■ Supplied data:
----

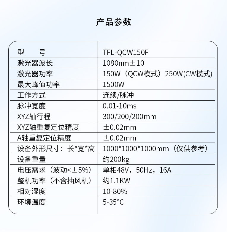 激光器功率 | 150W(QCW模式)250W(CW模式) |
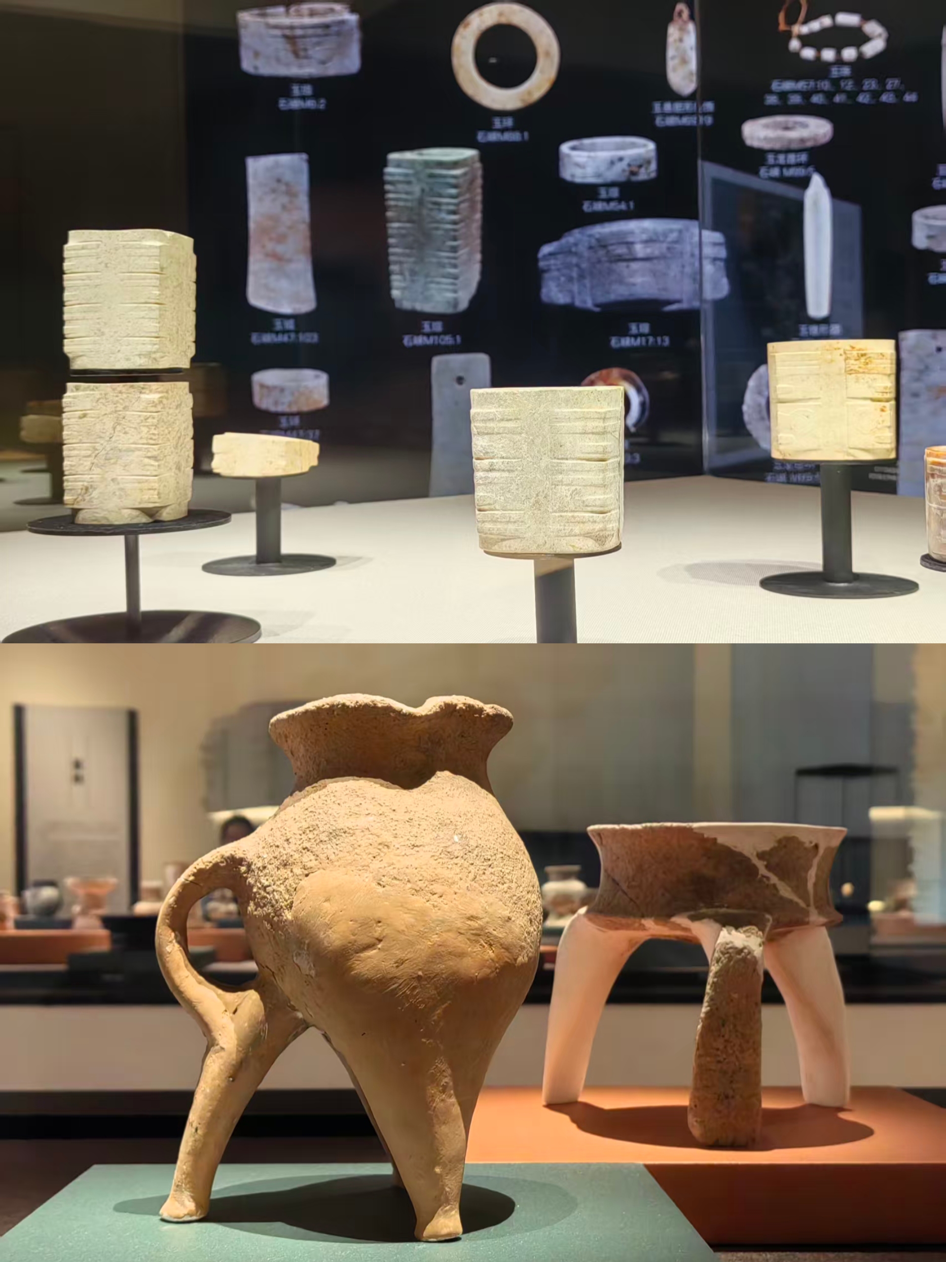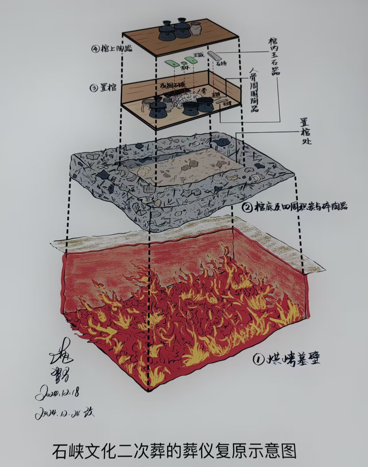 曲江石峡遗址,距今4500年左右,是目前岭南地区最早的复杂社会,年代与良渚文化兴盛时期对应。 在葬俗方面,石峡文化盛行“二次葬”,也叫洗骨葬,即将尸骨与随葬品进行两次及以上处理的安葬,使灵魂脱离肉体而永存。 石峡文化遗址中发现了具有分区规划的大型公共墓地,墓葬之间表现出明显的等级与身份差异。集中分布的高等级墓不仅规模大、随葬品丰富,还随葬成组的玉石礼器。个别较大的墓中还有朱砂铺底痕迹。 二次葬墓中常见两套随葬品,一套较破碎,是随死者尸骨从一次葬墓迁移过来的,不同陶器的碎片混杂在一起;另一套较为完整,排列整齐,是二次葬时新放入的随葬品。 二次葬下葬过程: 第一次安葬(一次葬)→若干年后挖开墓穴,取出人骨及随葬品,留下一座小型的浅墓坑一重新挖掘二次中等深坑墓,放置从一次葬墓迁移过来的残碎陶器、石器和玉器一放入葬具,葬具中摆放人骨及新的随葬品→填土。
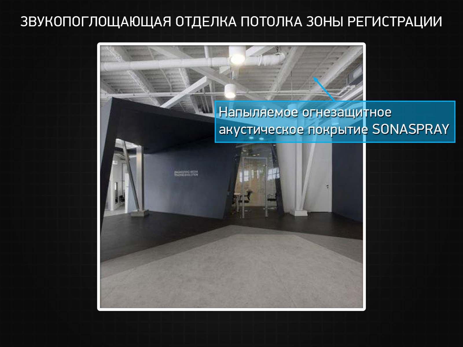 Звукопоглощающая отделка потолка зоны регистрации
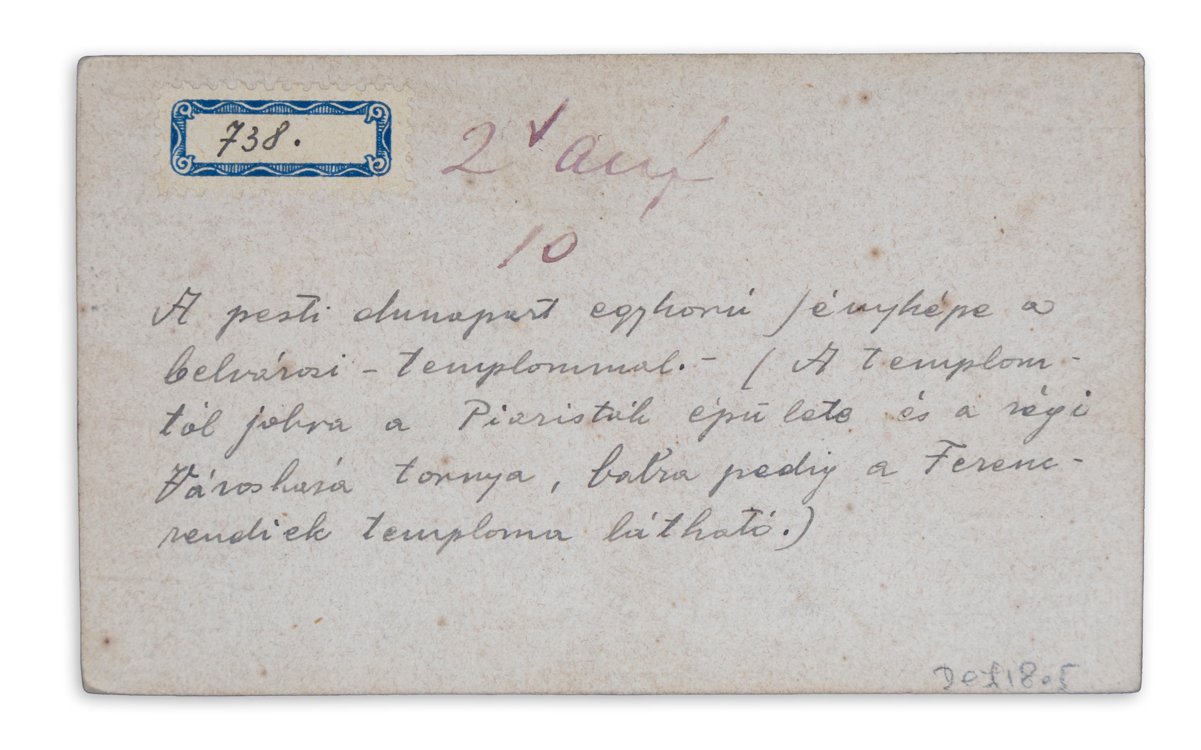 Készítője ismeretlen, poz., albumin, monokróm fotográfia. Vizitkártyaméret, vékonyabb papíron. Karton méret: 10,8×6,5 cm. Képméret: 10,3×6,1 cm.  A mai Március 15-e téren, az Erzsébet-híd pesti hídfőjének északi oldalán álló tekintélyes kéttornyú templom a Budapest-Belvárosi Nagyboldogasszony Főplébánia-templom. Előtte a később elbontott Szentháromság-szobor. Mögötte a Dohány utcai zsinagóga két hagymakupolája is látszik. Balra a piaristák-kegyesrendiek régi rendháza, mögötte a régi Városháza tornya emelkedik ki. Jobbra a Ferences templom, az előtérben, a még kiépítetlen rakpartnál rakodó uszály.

----

Please return exactly the lines above, from where the listing starts to the line holding "Звукопоглощающая отделка потолка", inclusive, with the pictures omitted.

 激光器功率 | 150W(QCW模式)250W(CW模式) |
 曲江石峡遗址,距今4500年左右,是目前岭南地区最早的复杂社会,年代与良渚文化兴盛时期对应。 在葬俗方面,石峡文化盛行“二次葬”,也叫洗骨葬,即将尸骨与随葬品进行两次及以上处理的安葬,使灵魂脱离肉体而永存。 石峡文化遗址中发现了具有分区规划的大型公共墓地,墓葬之间表现出明显的等级与身份差异。集中分布的高等级墓不仅规模大、随葬品丰富,还随葬成组的玉石礼器。个别较大的墓中还有朱砂铺底痕迹。 二次葬墓中常见两套随葬品,一套较破碎,是随死者尸骨从一次葬墓迁移过来的,不同陶器的碎片混杂在一起;另一套较为完整,排列整齐,是二次葬时新放入的随葬品。 二次葬下葬过程: 第一次安葬(一次葬)→若干年后挖开墓穴,取出人骨及随葬品,留下一座小型的浅墓坑一重新挖掘二次中等深坑墓,放置从一次葬墓迁移过来的残碎陶器、石器和玉器一放入葬具,葬具中摆放人骨及新的随葬品→填土。
 Звукопоглощающая отделка потолка зоны регистрации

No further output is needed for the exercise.